→ DESCRIPTION OF THE TASK
Please return exactly the lines from the top of the data through the line that contains "27 Vgl. z.B.", and skip all pictures.

→ EXTRACTED MATERIAL
-- -- --
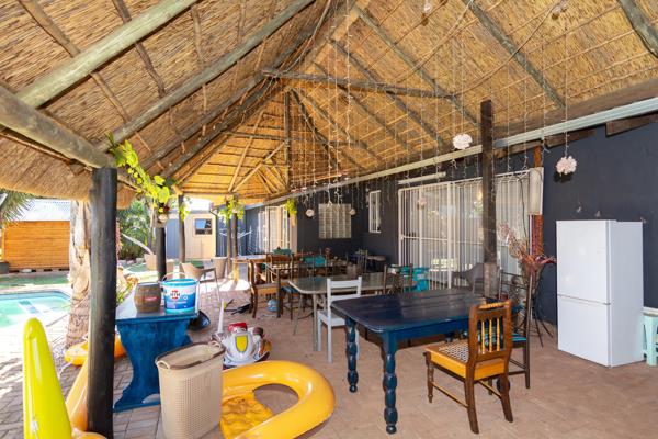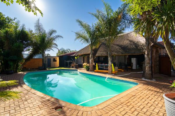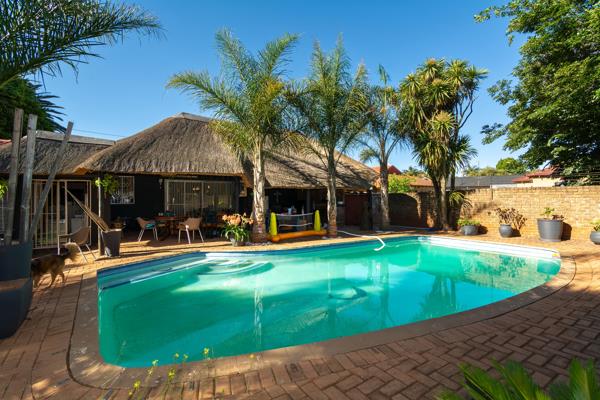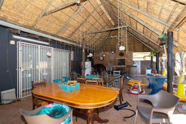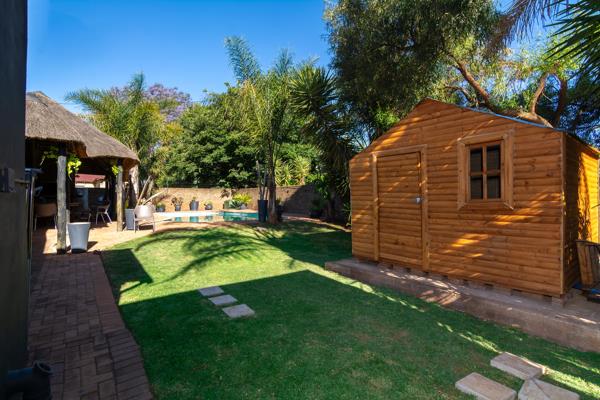 The patio boasts a huge, covered entertainment area that overlooks a sparkling swimming pool. Whether you''re hosting a summer braai or enjoying a quiet evening by the pool, this space promises countless hours of enjoyment. The back garden is manicured and offers two Wendy Houses for extra storage.
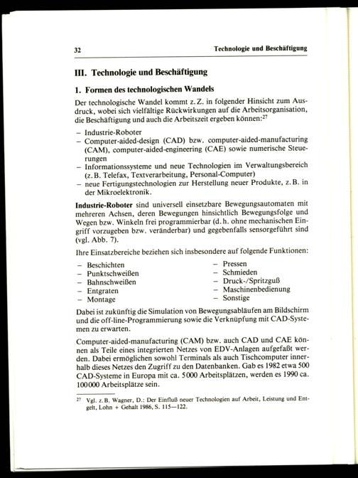 27 Vgl. z.B. Wagner, D.: Der Einfluß neuer Technologien auf Arbeit, Leistung und Entgelt, Lohn+ Gehalt 1986, S. 115—122.
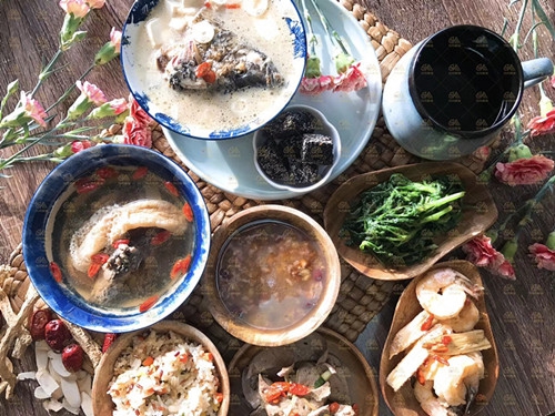 【方舟美宝】今日台式月子餐食:通草鲫鱼催奶汤、香菇野生竹笙乌鸡汤、五彩养身饭、麻油酒香黄芪烩鲜虾、苦茶油拌清菜、八宝红糖粥,排水去湿月子饮、芝麻糖、麻油猪肝(一位麻麻的量)
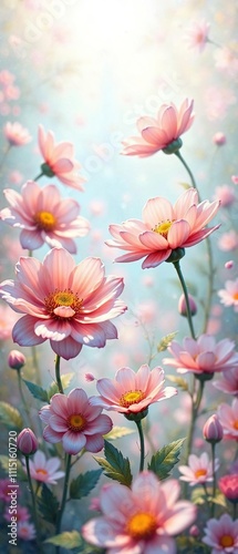 Whimsical hand-painted flowers in a dreamy, ethereal atmosphere, ethereal background, hand-painted flowers, ethereal quality
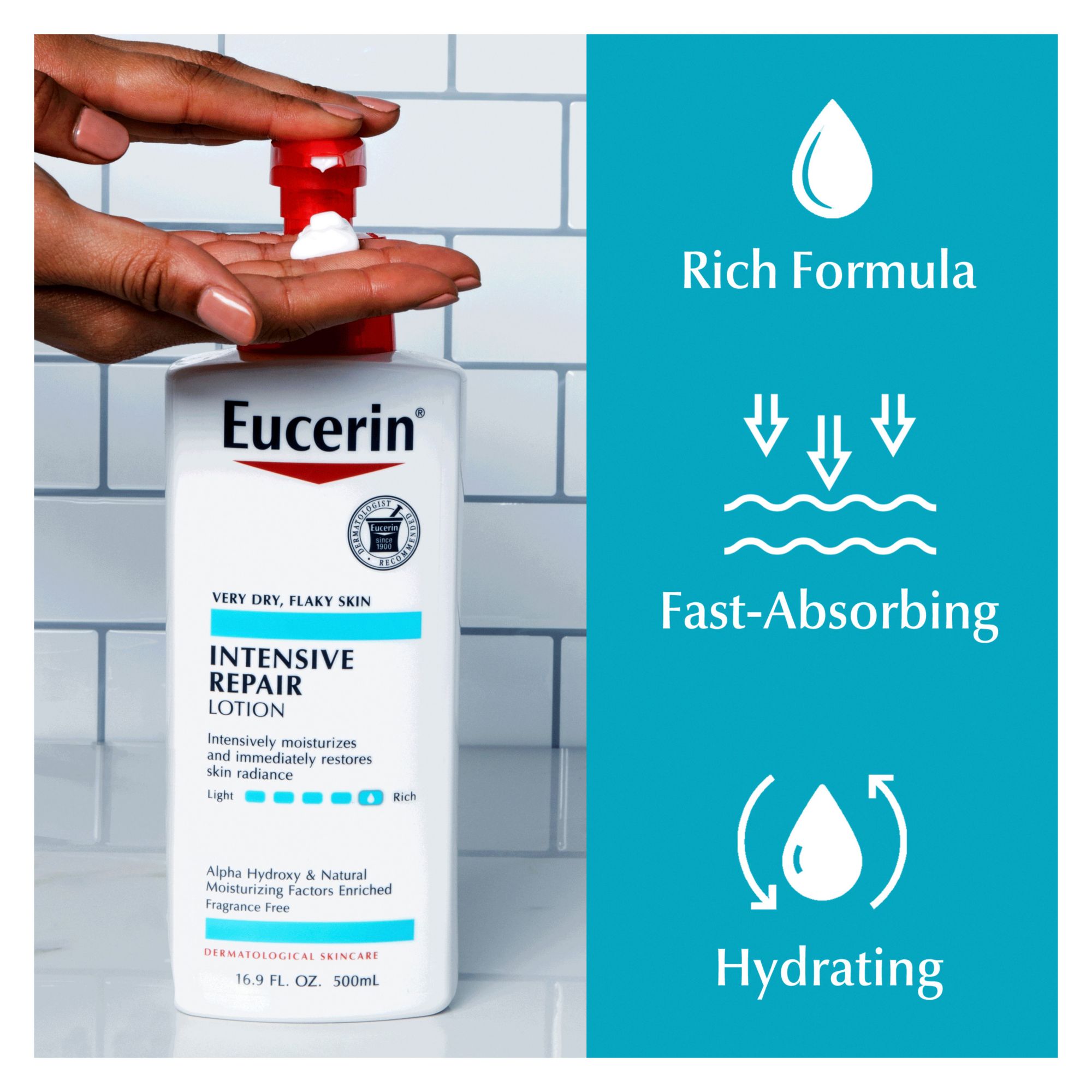 Eucerin Intensive Repair fragrance free body lotion for dry skin is enriched with Alpha Hydroxy and Natural Moisturizing Factors
-- -- --
→ EXERCISE OUTPUT
 The patio boasts a huge, covered entertainment area that overlooks a sparkling swimming pool. Whether you''re hosting a summer braai or enjoying a quiet evening by the pool, this space promises countless hours of enjoyment. The back garden is manicured and offers two Wendy Houses for extra storage.
 27 Vgl. z.B. Wagner, D.: Der Einfluß neuer Technologien auf Arbeit, Leistung und Entgelt, Lohn+ Gehalt 1986, S. 115—122.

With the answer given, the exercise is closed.